Siobhan Marie McAndrew – University Lecturer at Bristol University. McAndrew lectures on Politics. One of her papers, published in 2015 was entitled ‘Mosques and Political Engagement in Britain’. Her work has been commissioned by the Home Office.
Kirsty Jean McNeill – Executive at ‘Save The Children’ and 3 years as a ‘special advisor’ to Number 10.
A former director (who resigned in April 2020):
Morgan James McSweeney – Director at ‘Labourlist’ and formerly a director of ‘Dr Majeed’ in partnership with Iraqi Hayder Majeed.
The general character of the list here is similar to the American Democratic operatives who form consulting and lobbying firms when they’re not campaigning or working policy for elected officials. These are not starry-eyed amateur watchdogs. Having them gang up on U.S. media sites is like having Daniel Jones, Ben Rhodes, and Jake Sullivan gang up on British media sites and work to get them demonetized.

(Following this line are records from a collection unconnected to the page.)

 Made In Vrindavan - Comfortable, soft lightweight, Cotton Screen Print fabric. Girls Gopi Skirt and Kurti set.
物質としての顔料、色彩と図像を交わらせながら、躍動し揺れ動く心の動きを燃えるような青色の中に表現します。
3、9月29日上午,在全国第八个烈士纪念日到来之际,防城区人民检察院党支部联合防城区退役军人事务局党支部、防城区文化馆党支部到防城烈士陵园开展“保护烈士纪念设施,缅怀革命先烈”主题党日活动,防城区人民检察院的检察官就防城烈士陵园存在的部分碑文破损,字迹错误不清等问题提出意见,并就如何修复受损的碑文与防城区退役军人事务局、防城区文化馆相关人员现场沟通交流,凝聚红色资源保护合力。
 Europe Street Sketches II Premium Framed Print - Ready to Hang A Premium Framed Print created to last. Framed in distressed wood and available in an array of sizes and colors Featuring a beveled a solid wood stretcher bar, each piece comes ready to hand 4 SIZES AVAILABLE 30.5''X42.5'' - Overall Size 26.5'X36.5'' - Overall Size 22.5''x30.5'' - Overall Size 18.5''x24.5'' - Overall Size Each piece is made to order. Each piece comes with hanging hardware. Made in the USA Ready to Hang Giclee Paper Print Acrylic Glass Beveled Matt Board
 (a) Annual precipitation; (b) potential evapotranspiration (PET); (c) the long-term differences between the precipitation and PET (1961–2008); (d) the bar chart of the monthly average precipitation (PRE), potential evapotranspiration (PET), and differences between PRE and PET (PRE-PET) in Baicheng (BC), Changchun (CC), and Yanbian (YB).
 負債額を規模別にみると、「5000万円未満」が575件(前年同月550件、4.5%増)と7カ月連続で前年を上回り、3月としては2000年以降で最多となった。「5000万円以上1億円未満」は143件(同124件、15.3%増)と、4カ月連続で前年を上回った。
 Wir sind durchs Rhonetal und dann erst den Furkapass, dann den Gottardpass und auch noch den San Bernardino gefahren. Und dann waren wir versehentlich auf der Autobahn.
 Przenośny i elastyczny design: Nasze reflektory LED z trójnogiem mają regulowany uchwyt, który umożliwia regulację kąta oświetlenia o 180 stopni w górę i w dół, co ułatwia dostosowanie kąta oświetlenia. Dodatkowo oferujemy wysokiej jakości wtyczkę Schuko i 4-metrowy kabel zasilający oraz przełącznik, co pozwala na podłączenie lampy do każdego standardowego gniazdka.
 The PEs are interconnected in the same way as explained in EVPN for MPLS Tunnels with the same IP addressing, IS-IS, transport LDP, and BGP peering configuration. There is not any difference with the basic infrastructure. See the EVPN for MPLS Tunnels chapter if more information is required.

It would no doubt bear fruit to research the other current CCDH directors (Simon Clark, Lord Jonny Oates, and Ayesha Saran), but my concern is to get this posted tonight. The reason: I want to get the title question out there.
Why is this UK-incorporated group of Brits targeting the ad revenues of a set of American political media sites? What’s their interest in the enterprise? Where do they get off doing that?
Who provides their funding (something they are perfectly opaque about)? I’m not sure which is worse: the possibility that it’s British or other foreign funders, or the possibility that it’s Americans hiding their activities behind a corporation in the UK.
How is it OK for NBC to team up with them for the attacks just made on The Federalist and ZeroHedge?
It’s one thing if an American group asserts a political interest in the character of commentary at an American site. A Yanks-on-Yanks anti-media scrum doesn’t justify this particular behavior, but at least it’s not a matter of foreign interference.
This, however, is a matter of foreign interference. This isn’t Brits being hired openly to work for some American’s political campaign or consulting firm; that has happened across international borders for quite a while now, going in multiple directions, and as long as it’s done transparently, I don’t see a problem with it.
A politically connected UK NGO with opaque funding, trying to kill off American media sites by attacking their advertising revenues, acting behind a thin layer of NBC cooperation — that’s something else altogether. White House? Congress? FCC?